Cargo fires have long been a cause for concern in the maritime sector, because the consequences of moving mis-declared as well as properly labelled dangerous cargo can be multiple crew deaths, as with the Maersk Honam last year, and millions of dollars of lost revenue leading to long litigation battles, again as is now happening in the Maersk case.

Six fires on board container vessels in the first three months of this year have further concentrated the collective minds of the industry that over the last two years has been averaging a cargo fire a month.

It was a subject that was tackled by a highly skilled panel of experts at Clyde & Co.’s offices as part of this month’s London International Shipping Week (LISW), though the panel conclusions were concerning there was a feeling that the issue is finally being addressed by the industry, in part at least, but that there is still some way to go.

Daniel Jackson, a partner at the science end engineering consultancy, Burgoynes, told the audience that some cargoes decompose and release heat which is not easily dissipated due to the close proximity of other cargo containers, driving the temperatures ever higher, “The rate of increase in temperature doubles for every 10 degrees centigrade increase in temperature,” explained Jackson.

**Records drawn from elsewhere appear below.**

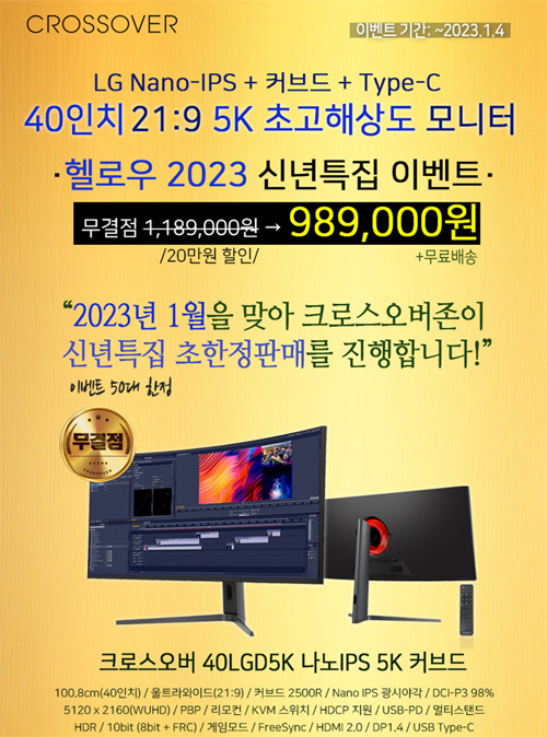 크로스오버, 고해상도 모니터 40LGD5K 나노IPS 5K 커브드 대상 신년특집 한정판매 진행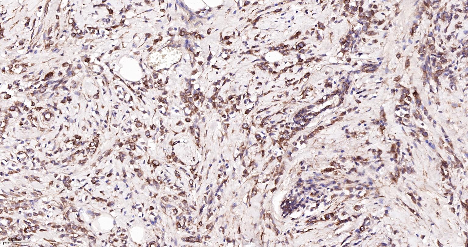 Paraformaldehyde-fixed, paraffin embedded Human Breast Cancer; Antigen retrieval by boiling in sodium citrate buffer (pH6.0) for 15 min; The section was incubated with alpha Tubulin Monoclonal Antibody, Unconjugated (bsm-33039M) at 1:1000 overnight at 4°C, followed by conjugation to the bs-40296G-HRP and DAB (C-0010) staining.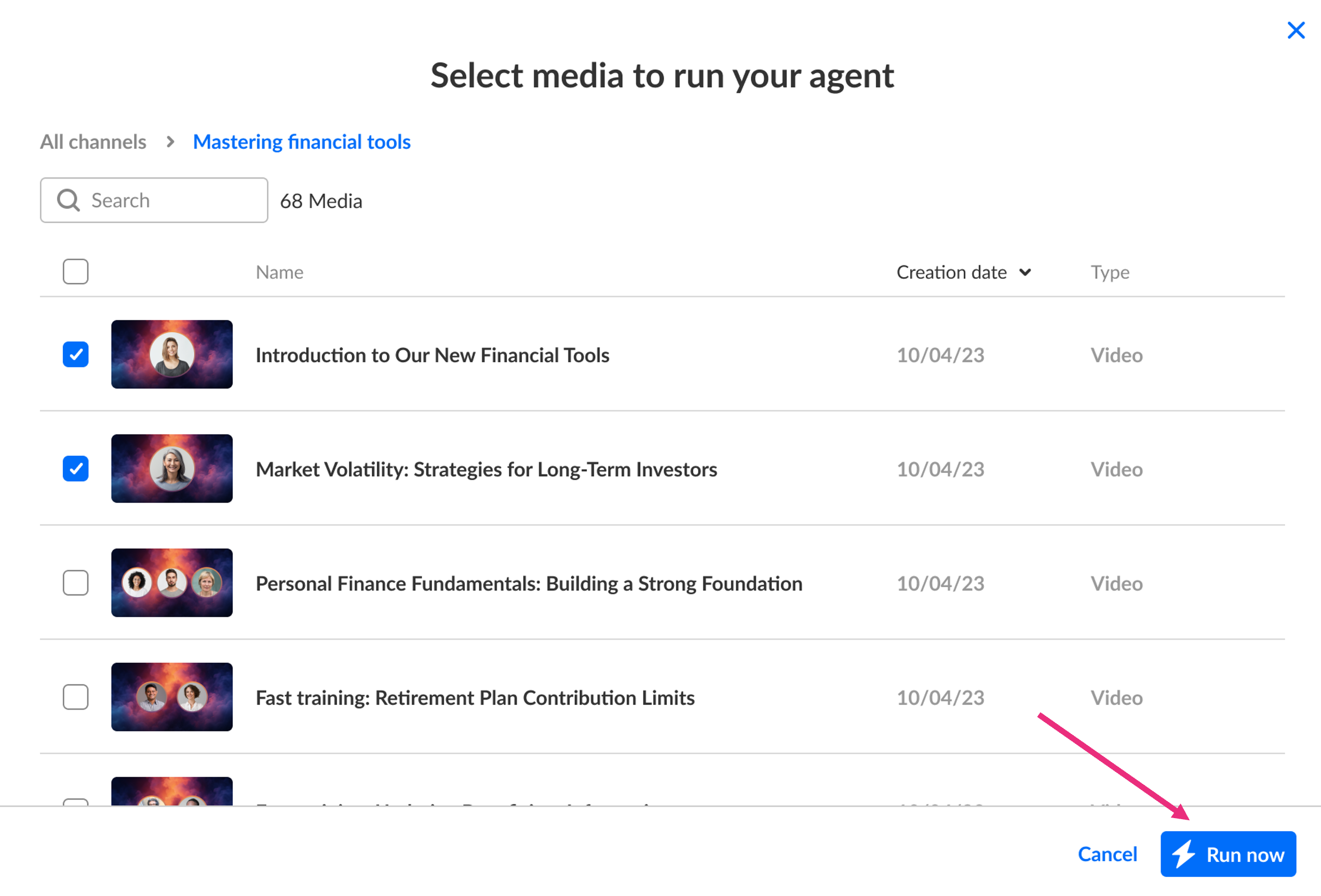 - Click Run now at the bottom right to start the agent (the Run now button becomes active once at least one entry is selected).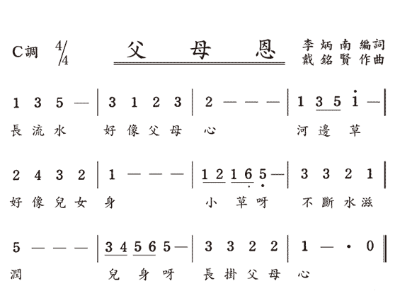 長流水 好像父母心 河邊草 好像兒女身 小草呀 不斷水滋潤 兒身呀 長掛父母心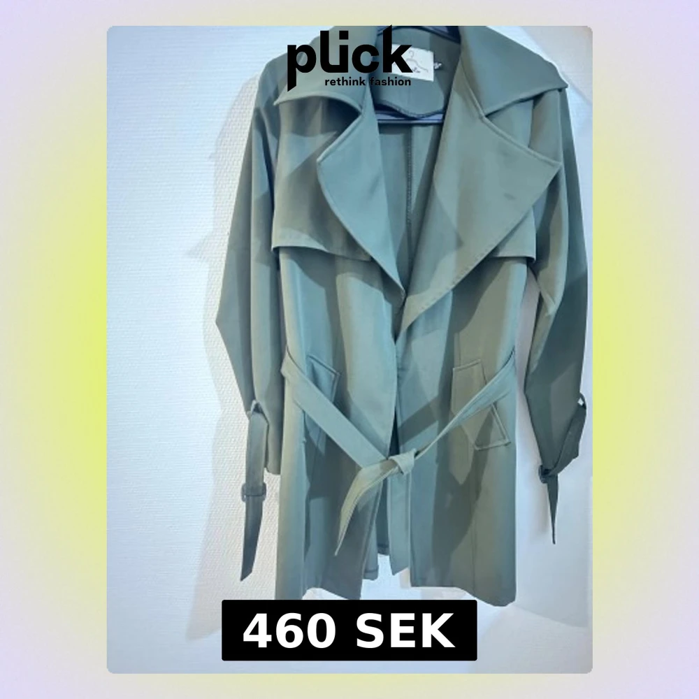 Snygg grön trenchcoat från Coco Miss med bred krage, knytbälte i midjan och detaljer vid ärmsluten. Jackan har en stilren look och är tillverkad i ett mjukt syntetmaterial. Perfekt för dig som gillar klassisk stil med modern touch.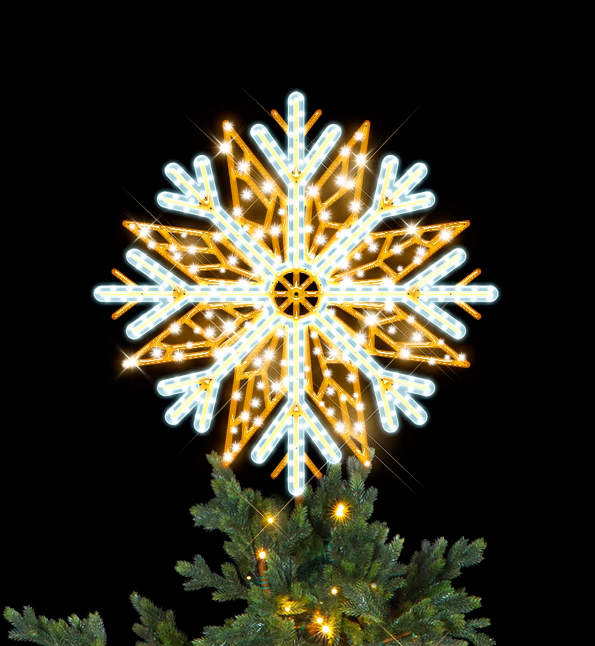 Sublimez vos espaces avec nos décors LED : silhouettes lumineuses, motifs festifs ou éléments scénographiques. Faible consommation, fort impact visuel : ces décors sont conçus pour durer et éblouir, tout en simplifiant l’installation. CIMIER MIA pour installer à la cime d'un sapin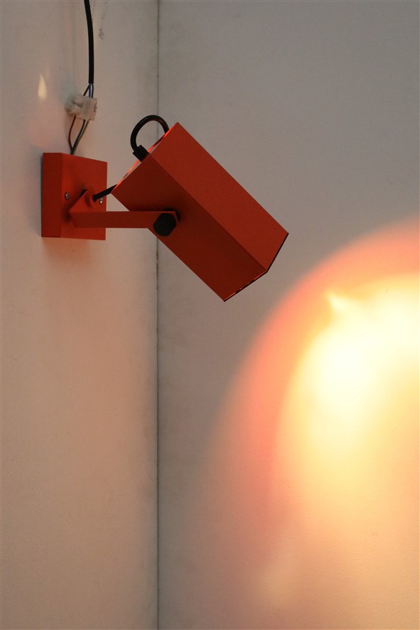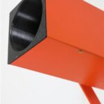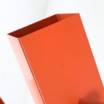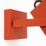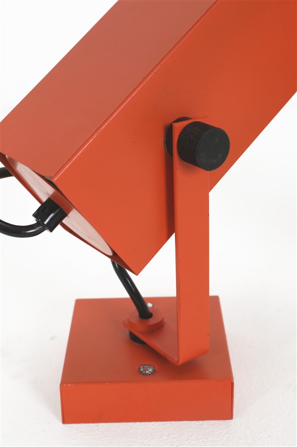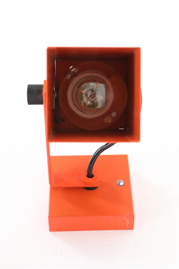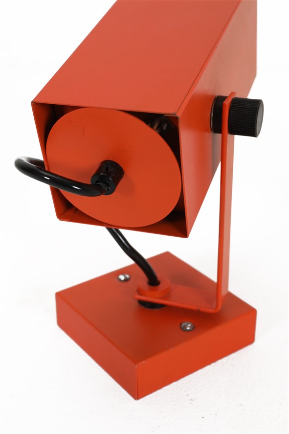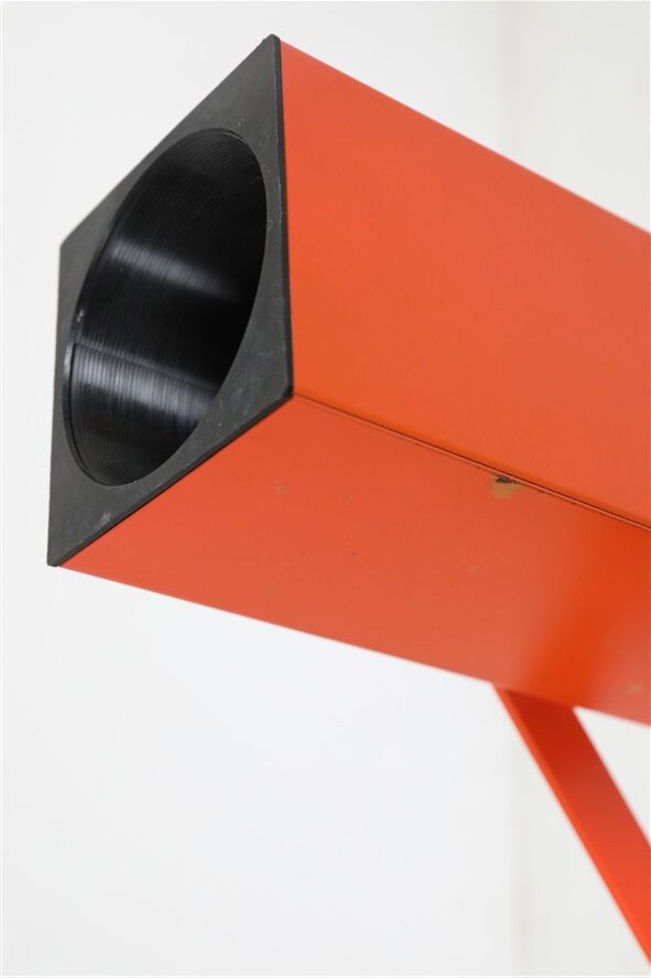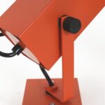 1970s, Staff, Lemgo – the German premium manufacturer. Architectural wall lights/spots in space-age style (also suitable for ceiling mounting). Original paint in a rich, unfaded red-orange. Very high-quality workmanship. Light housing and base made of steel, removable anti-glare inserts made of heat-resistant black plastic. E27 ceramic socket (110-250V, can be used worldwide). Overall dimensions: approx. 17 x 10 x 18cm (height, width, depth). The lamps are suitable for use with classic and modern (LED) E27 light bulbs. They come with 230V LED standard light bulbs in warm white. When using standard light bulbs, the light is warmly colored by the orange-colored inner housing (see first photo – switched on). When using reflector bulbs, the light is emitted neutrally and in a concentrated beam (see second photo – switched on). Used items with only a few signs of aging/use: Only a little paint abrasion. See close-up photos. Delivery without power cord. For connection to cable outlet. However, it would also be possible to connect a power cord (with switch). These are the original photos of the items for sale. Nevertheless, the colors may vary slightly as they are displayed differently on different devices/screens.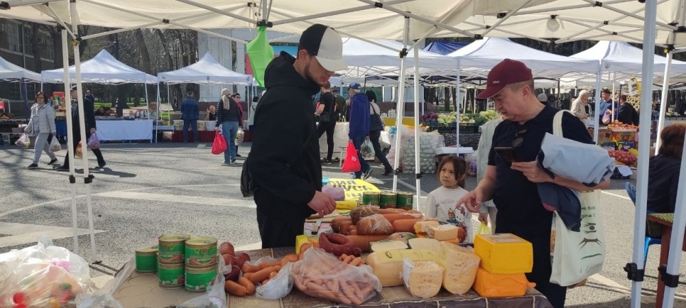 Солнечная весенняя погода привлекла жителей и гостей столицы на традиционную фермерскую ярмарку на Старой площади. С приходом тепла здесь заметно вырос спрос на свежие овощи, зелень и мясную продукцию.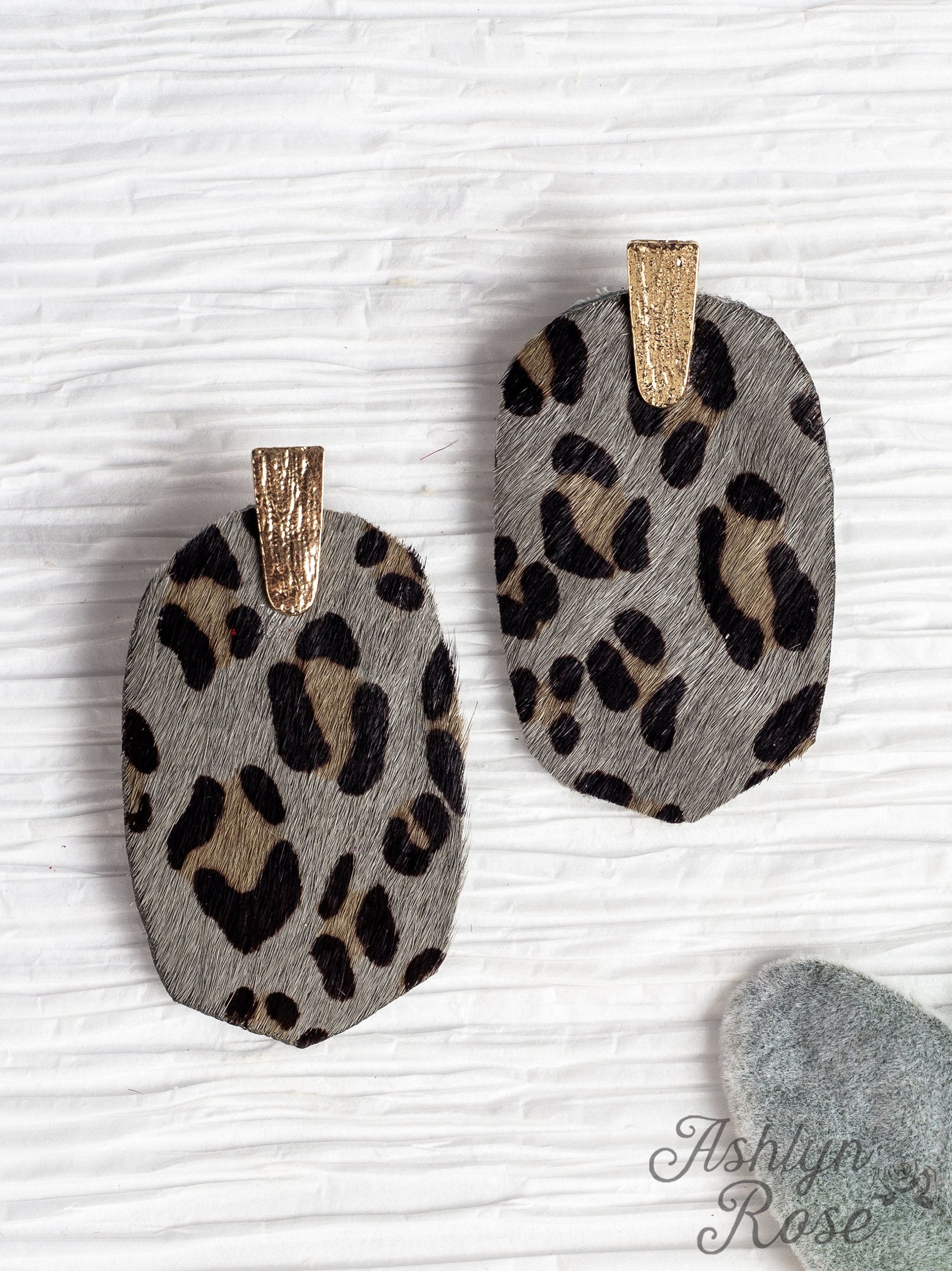 Should've Been Better Oval Leopard Earrings, Grey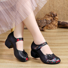 单鞋女粗跟2025春秋新款民族风妈妈鞋真皮中跟软底舒适中老年皮鞋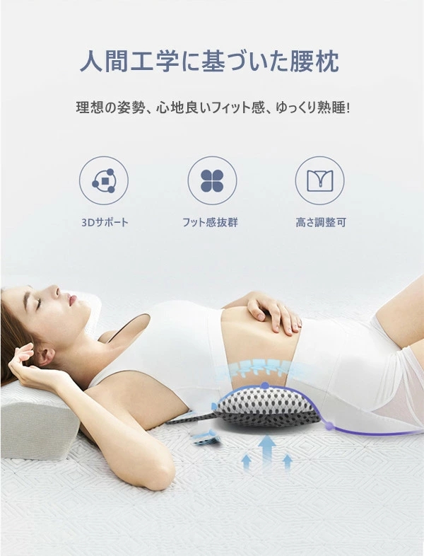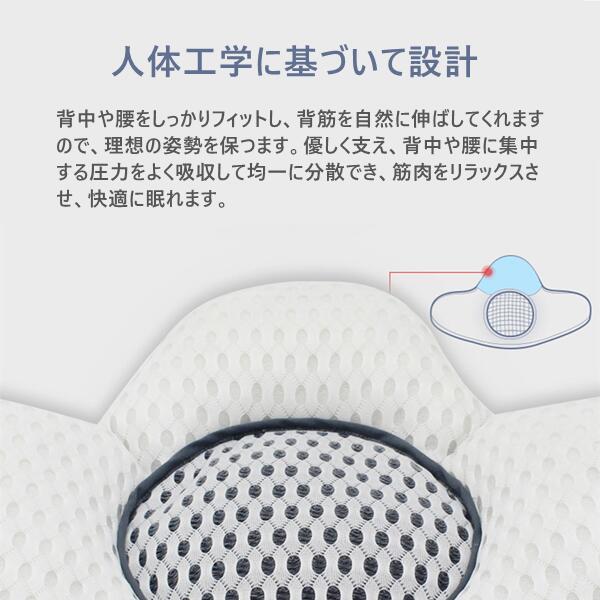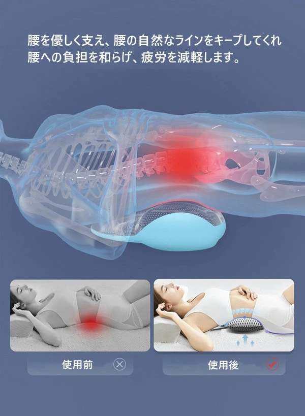 腰を優しく支え、腰の自然なラインをキープしてくれ腰への負担を和らげ、疲労を減軽します。 背中や腰をしっかりフィットし、背筋を自然に伸ばしてくれますので、理想の姿勢を保つます。優しく支え、背中や腰に集中する圧力をよく吸収して均一に分散でき、筋肉をリラックスさせ、快適に眠れます。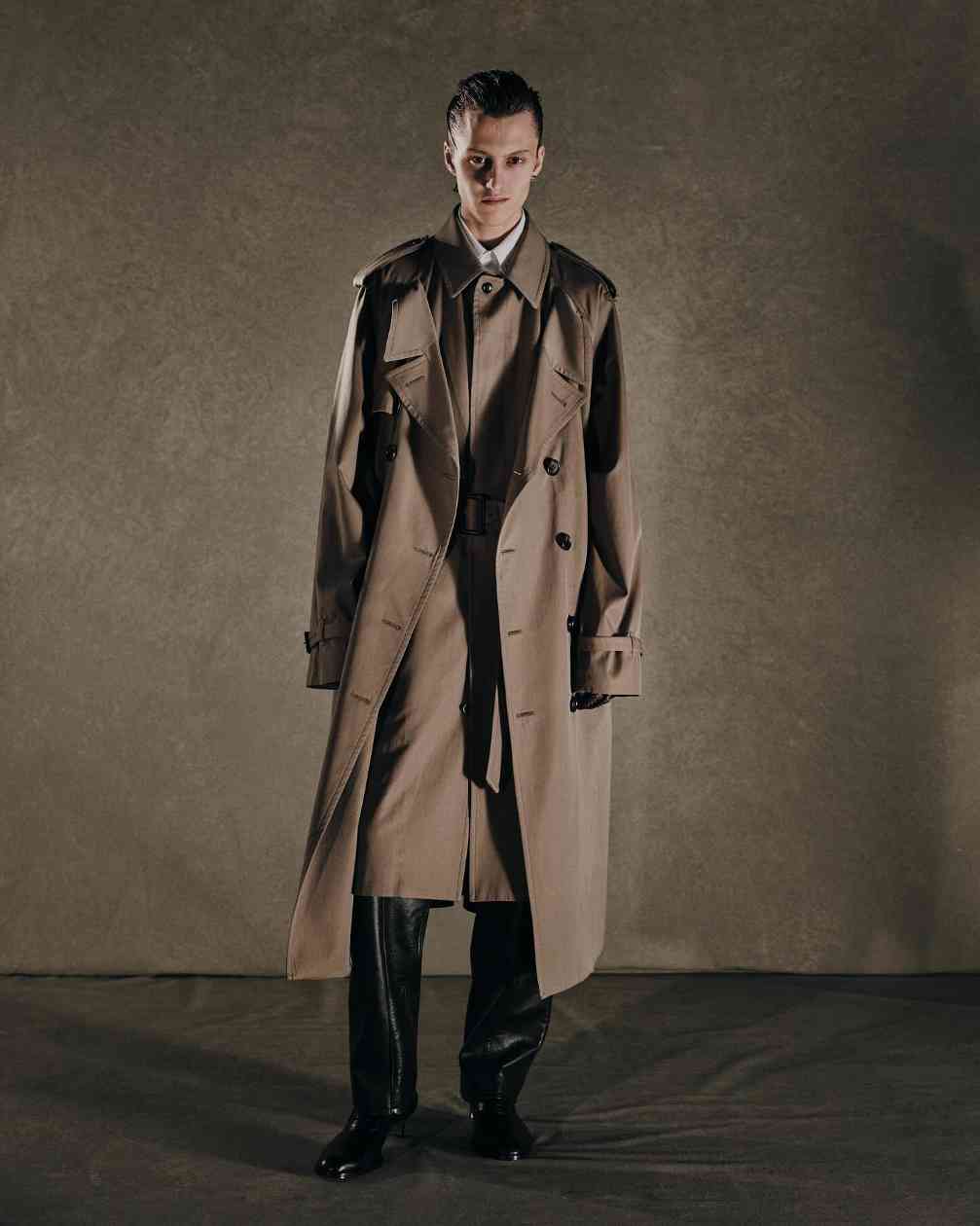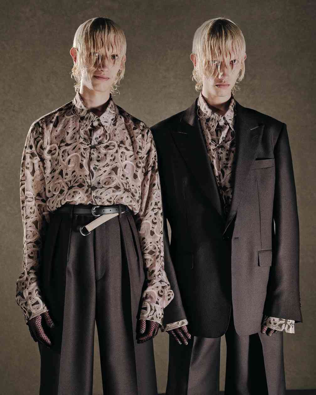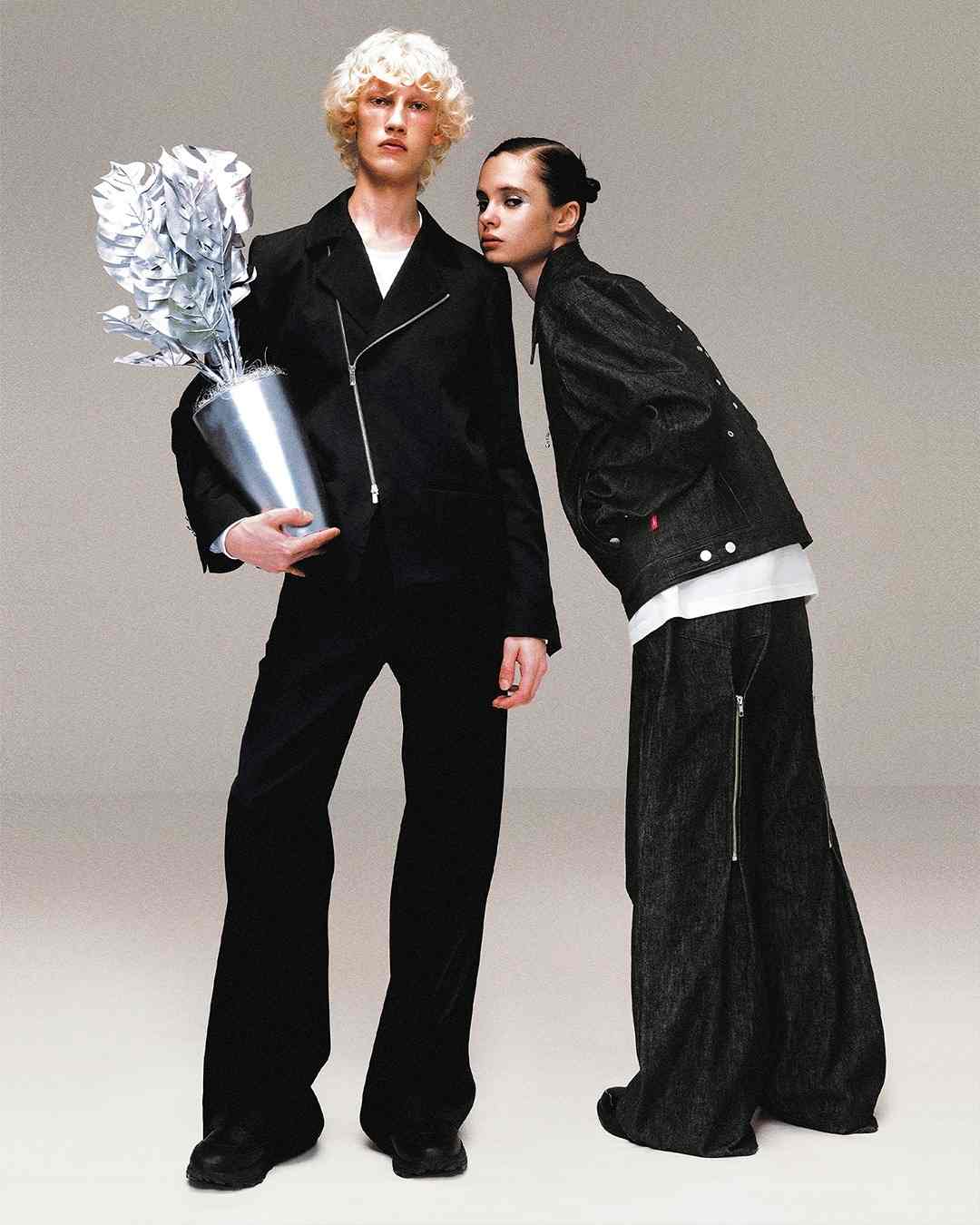 而女装则是将皮革束带、项圈以及内衣等亚文化中常见的元素与夹克或裙装相结合,呼应本次主题的禁忌神秘感。纵观 JOHN LAWRENCE SULLIVAN 的 2025 春夏系列,其实某种程度上也是此前「Stacking」主题系列的延伸,继续挖掘后朋克时代文化。

When the temperature achieves a critical level, fire breaks out and eventually the intensity leads to “thermal runaway” meaning that all available combustible materials are ignited, and the situation quickly becomes uncontrollable for the crew.

Complicating matters is the fact that other cargo that may also be dangerous, and which may have different properties, that is it may be sensitive to water for example, may be stowed close to the source of the first accident, and that could mean that the crew, in fighting the initial fire, could inadvertently cause a secondary explosion and fire.

Read more: Containership fires – the importance of knowing your customer

Former Lloyd’s Register container shipping expert, David Tozer, explained that the cargo stacks on a large container vessel are only 50-60 mm apart, leaving no space for crew to fight fires that have developed deep in the hold.

Tozer, who spent 32 years at Lloyd’s Register, believes that one solution to the dangerous goods problem in container shipping is to regulate more specifically so that any modifications will need to be carried out by all shipping lines, meaning that no one line will be disadvantaged.

A former container ship master, Amerinder Singh Brar, also pointed out that the fire fighting equipment on board modern container vessels is inadequate, he said that container stacks can be up to nine containers high, and no fire hoses can reach that high.

What is more the latest Safety At Sea regulations, the SOLAS convention, were developed in 1983. Singh Brar pointed out that the latest ultra large container ship, the MSC Gűlsűn, which was delivered in August with a further 10 vessels yet to be delivered, was built to regulations that are more than 30 years old.

“Would you buy a car built to 30-year old standards?” asked the Singh Brar, who now works as a consultant master mariner to London Offshore Consultants.